ペラスゴス王は、民衆を説得して娘たちの受け入れを決定するために民会を召集すべく退場する。その間、コーラスはゼウスに対して自分たちの起源であるイオの放浪の歴史を回想しつつ哀願の歌を捧げ、その後戻ってきたダナオスから、アルゴスの民が彼女たちを自由な居留者として保護することを全会一致で議決したという吉報を受け取る。

§513οὔτοι τι θαῦμα δυσφορεῖν φόβῳ φρενός.
心の恐怖から動揺することは、少しも不思議なことではない。
§514ἀεὶ γυναικῶν ἐστὶ δεῖμ᾽ ἐξαίσιον.
女たちの恐怖は、常に度を越しているものだ。
§515σὺ καὶ λέγων εὔφραινε καὶ πράσσων φρένα.
あなたは言葉でも行動でも、私たちの心を喜ばせてください。
§516ἀλλ᾽ οὔτι δαρὸν χρόνον ἐρημώσει πατήρ.
だが、父親がお前たちを長く置き去りにすることはない。
§517ἐγὼ δὲ λαοὺς συγκαλῶν ἐγχωρίους §518στείχω, τὸ κοινὸν ὡς ἂν εὐμενὲς τιθῶ:
私はこの土地の民を集めに行く、民衆を好意的にするために。
§519καὶ σὸν διδάξω πατέρα ποῖα χρὴ λέγειν.
そして、お前の父親に、どのような言葉を語るべきかを教えよう。
§520πρὸς ταῦτα μίμνε καὶ θεοὺς ἐγχωρίους §521λιταῖς παραιτοῦ τῶν σ᾽ ἔρως ἔχει τυχεῖν.
それゆえ、ここに留まり、この土地の神々に、お前たちが得たいと切望するものを祈りによって懇願しなさい。

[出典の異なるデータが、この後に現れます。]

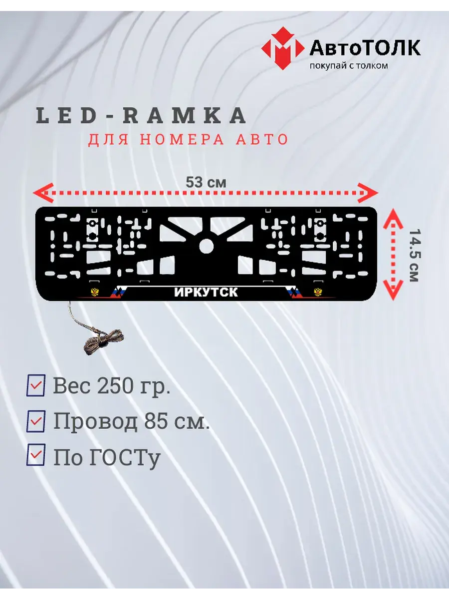 Ищете стильное и практичное обновление для вашего автомобиля? Рамка для номера с LED подсветкой надписи от бренда АвтоТОЛК — именно то, что вам нужно! Это инновационное решение не только придаст вашему автомобилю современный вид, но и повысит его заметность на дороге. Яркая ЛЭД рамка под номер обеспечивает четкое и равномерное освещение, что гарантирует отличную видимость вашего государственного номера в любое время суток и при любых погодных условиях. За счет использования высококачественных LED элементов, рамка отличается длительным сроком службы. Номерная рамка с вашим лого или логотипом торговой марки станет оригинальным дополнением, подчеркивающим индивидуальность вашего авто. Устанавливать рамки с LED подсветкой легко и удобно, они совместимы со стандартными номерными знаками и не требуют специальных навыков для монтажа. Независимо от того, выбираете ли вы рамки с ЛЭД подсветкой для себя или в подарок автолюбителю, этот автоаксессуар станет надежным и стильным приобретением. Тонкий, но прочный корпус рамки выполнен из высококачественных материалов, что обеспечивает устойчивость к механическим повреждениям, влаге и неблагоприятным погодным условиям. Обновите внешний вид своего автомобиля с применением современных технологий — номерные рамки с LED подсветкой от АвтоТОЛК это комбинация стиля, удобства и безопасности.

§522ἐγὼ δὲ ταῦτα πορσυνῶν ἐλεύσομαι:
私はこれらのことを整えるために行こう。
§523πειθὼ δ᾽ ἕποιτο καὶ τύχη πρακτήριος.
説得と、事を成し遂げる幸運が付き従うように。
§524ἄναξ ἀνάκτων, μακάρων §525μακάρτατε καὶ τελέων §526τελειότατον κράτος, ὄλβιε Ζεῦ, §527πιθοῦ τε καὶ γένει σῷ §528ἄλευσον ἀνδρῶν ὕβριν εὖ στυγήσας:
王の中の王、祝福された者たちのうちで最も祝福された者、完成された力のうちで最も完成された力、幸福なるゼウスよ、私たちの祈りを聞き届け、あなたの血統のために男たちの横暴を深く憎んで遠ざけてください。
§529λίμνᾳ δ᾽ ἔμβαλε πορφυροειδεῖ §530τὰν μελανόζυγ᾽ ἄταν.
そして、紫色の海へと、黒い船の破滅を投げ落としてください。
§531τὸ πρὸς γυναικῶν <δ᾽> ἐπιδὼν §532παλαίφατον ἁμέτερον §533γένος φιλίας προγόνου γυναικὸς §534νέωσον εὔφρον᾽ αἶνον,
女たちの側に目を留め、私たちの古くから語り継がれる愛された祖先の女性の家系を、好意的な物語として新しくしてください。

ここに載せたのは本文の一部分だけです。